À Tongomayel, les assaillants « ont emporté deux motos et en ont brûlé 16. Ils ont incendié le commissariat et ont accroché un écriteau en arabe » sur lequel figure le nom de Ansarul Islam, a précisé Mohamed Dah. Tandis qu’à Baraboulé, les assaillants ont « emporté deux motos, en ont brûlé deux autres et ont criblé le commissariat de balles », a-t-il précisé. « Lors de leur repli », ils ont « saccagé les portes de la préfecture (voisine de Dyguel) et volé deux ordinateurs ».

Dans la nuit, Mohamed Dah avait affirmé que les attaques avaient eu lieu « quasi simultanément » et qu’un « renfort militaire avait été envoyé sur les lieux ». Il évoquait également la possibilité d’une « diversion » des jihadistes pour attirer les forces de sécurité et pour pouvoir « attaquer des cibles plus importantes ».

Ces attaques surviennent alors que le 25e Festival panafricain du cinéma et de la télévision de Ouagadougou (Fespaco) bat son plein.
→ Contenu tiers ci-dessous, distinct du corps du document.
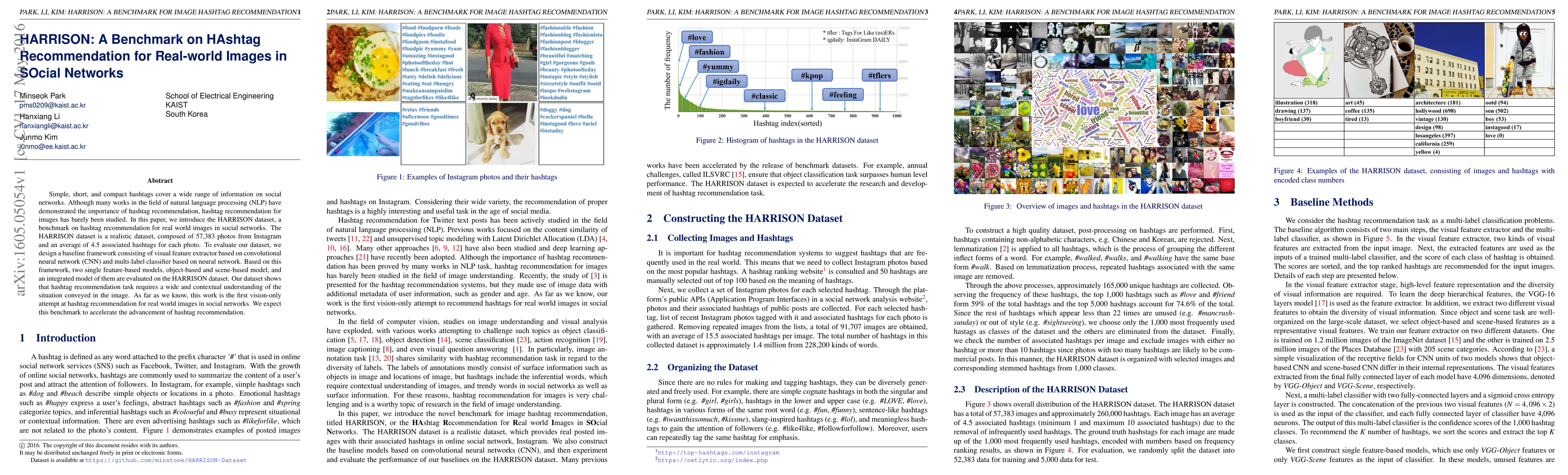 The HARRISON dataset introduces a benchmark for hashtag recommendation on real-world images from Instagram, featuring 57,383 photos with an average of 4.5 hashtags each. The study evaluates visual feature-based models for this task, aiming to advance the field of vision-only hashtag recommendation in social networks.
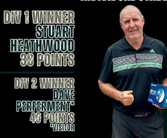 INDIVIDUAL STABLEFORD FIELD | 35 members & 3 visitors. DIVISION 1 (<15) | Winner Stuart Heathwood (15) 38 Points, Runner Up Robert Richardson (12) 37 Points, 3rd Place Glenn Davies (6) 35 Points DIVISION 2 (1636) | Winner Dave Perferment (22) [Muswellbrook] 40 Points, Runner Up Denis Crossman (19) 37 Points, 3rd Place Joseph Jackson (23) 36 Points BALL COMP | Darren Mathers (18) 36 Points, Greg Kellner (17) 35 Points, Banjo Rose (29) 35 Points, Michael Cairney (26) 34 Points, Daniel Szokolai (11) 34 Points, Michael Rose (5) 34 Points, Peter Nicholson (12) 33 Points, Michael Shanley (16) 32 Points, Brian Mowle (14) 32 Points & Benjamin Herden (20) 32 Points. NEAREST
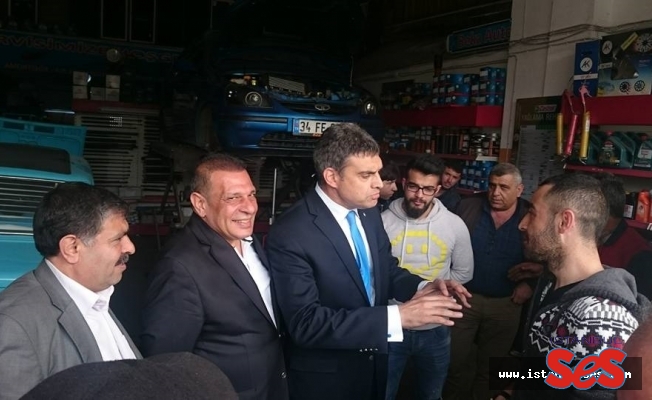 Umut Oran, ve beraberindekiler, Sanko Sanayi Sitesini Ziyaret etti 16 Nisan tarihinde yapılacak referandumda, "Hayır" yönünde oy kullanmaları için esnaftan destek istedi.
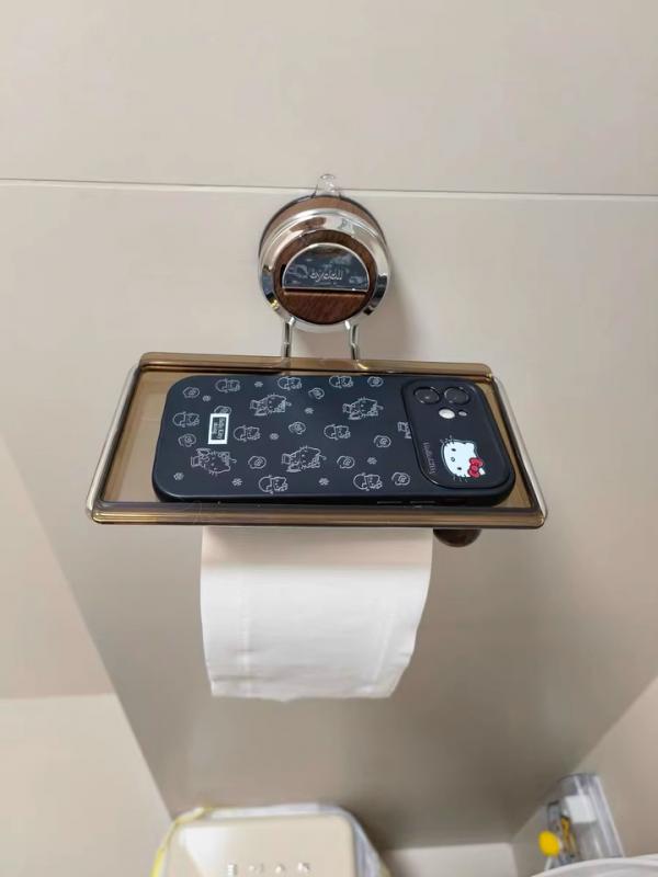 Ještě jsem neviděl držák na toaletní papír s přísavkou, musel jsem to vyzkoušet, protože jsem nechtěl vrtat do dlaždic díry. Jsem ohromen designem. Dodatečná police je skvělý bonus :)

L’événement attire chaque année des dizaines de milliers de cinéphiles, dont de nombreux étrangers, dans la capitale burkinabè, située à 210 km au sud de Djibo. Le gouvernement avait assuré avoir pris des mesures spéciales pour protéger ce célèbre festival, qui est l’occasion pour le pays de rayonner positivement à travers le continent et le monde.

Mais ces attaques rappellent l’acuité de la menace islamiste qui pèse sur le pays. Le groupe Ansarul Islam, qui a signé ces offensives, sévit depuis plusieurs mois dans le nord du Burkina. Dirigé par le Burkinabè Malam Ibrahim Dicko, il avait revendiqué l’attaque, le 16 décembre, d’un détachement de l’armée à Nassoumbou, également dans la province du Soum, qui avait fait douze morts et traumatisé le pays.

Ce raid jihadiste est le plus meurtrier jamais perpétré contre l’armée dans ce pays. Il s’agissait alors de la seconde attaque visant l’armée depuis le début des attaques jihadistes au premier trimestre 2015 au Burkina Faso. En octobre 2016, la première attaque avait fait six morts – quatre militaires et deux civils -, les deux civils ayant été probablement tués par des « tirs amis ».

Frontalier du Mali et du Niger, le nord du Burkina est le théâtre d’attaques jihadistes régulières depuis 2015. Les attaques jihadistes au Burkina Faso sont surtout concentrées dans le nord du pays. Mais le 15 janvier 2016, un commando de trois assaillants a tué 30 personnes et fait 71 blessés en plein cœur de la capitale Ouagadougou. Une attaque revendiquée par le groupe Al-Qaida au Maghreb islamique (AQMI).